● **Activity**
Write out exactly, please, every line from the beginning of the entries to the line holding "Ein Haltestellenschild der", and no pictures.
BEGIN
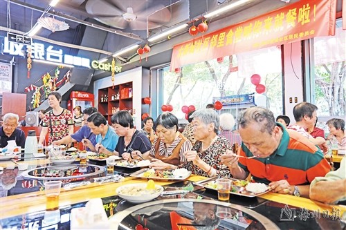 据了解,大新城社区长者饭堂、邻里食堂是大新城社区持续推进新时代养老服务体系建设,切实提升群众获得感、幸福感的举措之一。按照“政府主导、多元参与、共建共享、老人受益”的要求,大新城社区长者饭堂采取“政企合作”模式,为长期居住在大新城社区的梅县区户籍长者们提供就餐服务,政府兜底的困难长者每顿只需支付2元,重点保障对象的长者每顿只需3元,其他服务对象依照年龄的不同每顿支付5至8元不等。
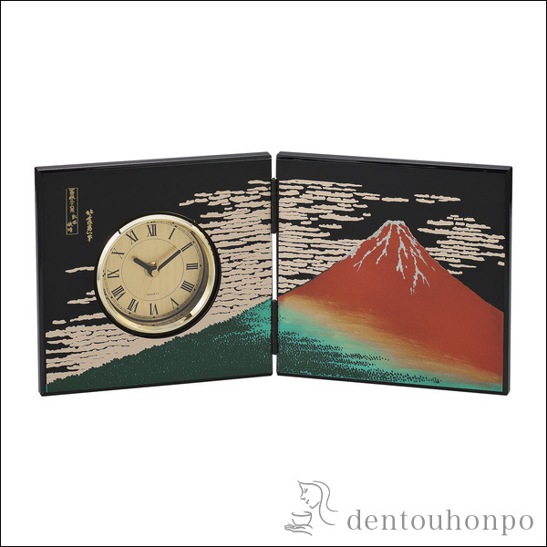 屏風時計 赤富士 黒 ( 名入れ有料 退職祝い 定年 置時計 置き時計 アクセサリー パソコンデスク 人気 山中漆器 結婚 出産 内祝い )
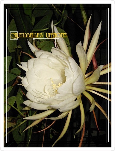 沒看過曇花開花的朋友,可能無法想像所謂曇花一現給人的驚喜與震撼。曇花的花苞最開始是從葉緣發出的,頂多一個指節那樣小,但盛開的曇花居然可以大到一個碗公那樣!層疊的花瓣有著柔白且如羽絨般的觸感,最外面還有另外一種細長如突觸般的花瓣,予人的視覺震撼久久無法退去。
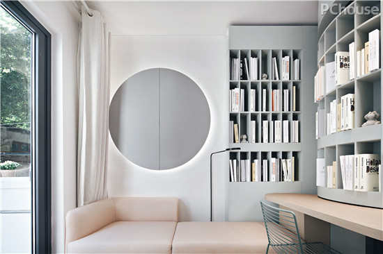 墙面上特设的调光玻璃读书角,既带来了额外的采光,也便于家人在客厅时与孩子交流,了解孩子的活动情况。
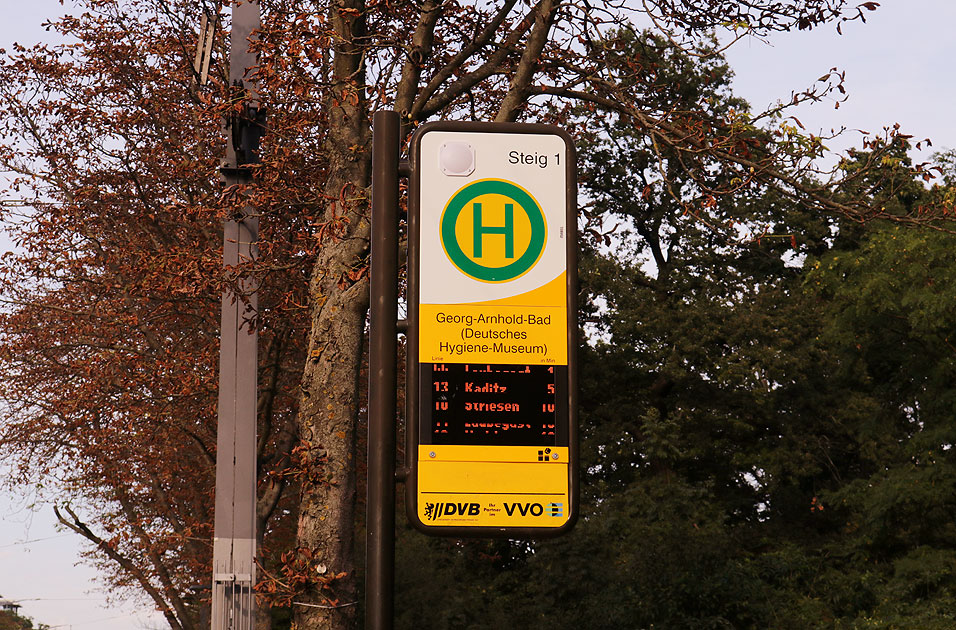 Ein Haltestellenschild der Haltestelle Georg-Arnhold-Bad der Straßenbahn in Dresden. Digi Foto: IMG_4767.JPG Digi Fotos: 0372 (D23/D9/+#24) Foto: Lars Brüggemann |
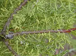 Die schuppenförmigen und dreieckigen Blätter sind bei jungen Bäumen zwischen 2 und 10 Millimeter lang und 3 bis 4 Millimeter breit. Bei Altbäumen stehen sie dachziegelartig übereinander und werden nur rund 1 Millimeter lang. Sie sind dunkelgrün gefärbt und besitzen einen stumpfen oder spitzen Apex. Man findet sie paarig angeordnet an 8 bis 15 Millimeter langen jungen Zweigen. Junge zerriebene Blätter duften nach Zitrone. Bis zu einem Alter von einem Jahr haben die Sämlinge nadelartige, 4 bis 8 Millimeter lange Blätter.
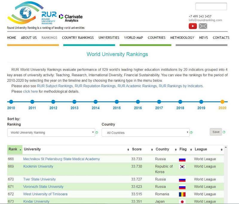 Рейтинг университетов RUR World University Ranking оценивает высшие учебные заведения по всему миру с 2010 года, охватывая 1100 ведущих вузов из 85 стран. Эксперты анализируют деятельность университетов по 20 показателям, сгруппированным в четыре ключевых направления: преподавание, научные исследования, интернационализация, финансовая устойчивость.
END
● **Task answer**
 据了解,大新城社区长者饭堂、邻里食堂是大新城社区持续推进新时代养老服务体系建设,切实提升群众获得感、幸福感的举措之一。按照“政府主导、多元参与、共建共享、老人受益”的要求,大新城社区长者饭堂采取“政企合作”模式,为长期居住在大新城社区的梅县区户籍长者们提供就餐服务,政府兜底的困难长者每顿只需支付2元,重点保障对象的长者每顿只需3元,其他服务对象依照年龄的不同每顿支付5至8元不等。
 屏風時計 赤富士 黒 ( 名入れ有料 退職祝い 定年 置時計 置き時計 アクセサリー パソコンデスク 人気 山中漆器 結婚 出産 内祝い )
 沒看過曇花開花的朋友,可能無法想像所謂曇花一現給人的驚喜與震撼。曇花的花苞最開始是從葉緣發出的,頂多一個指節那樣小,但盛開的曇花居然可以大到一個碗公那樣!層疊的花瓣有著柔白且如羽絨般的觸感,最外面還有另外一種細長如突觸般的花瓣,予人的視覺震撼久久無法退去。
 墙面上特设的调光玻璃读书角,既带来了额外的采光,也便于家人在客厅时与孩子交流,了解孩子的活动情况。
 Ein Haltestellenschild der Haltestelle Georg-Arnhold-Bad der Straßenbahn in Dresden. Digi Foto: IMG_4767.JPG Digi Fotos: 0372 (D23/D9/+#24) Foto: Lars Brüggemann |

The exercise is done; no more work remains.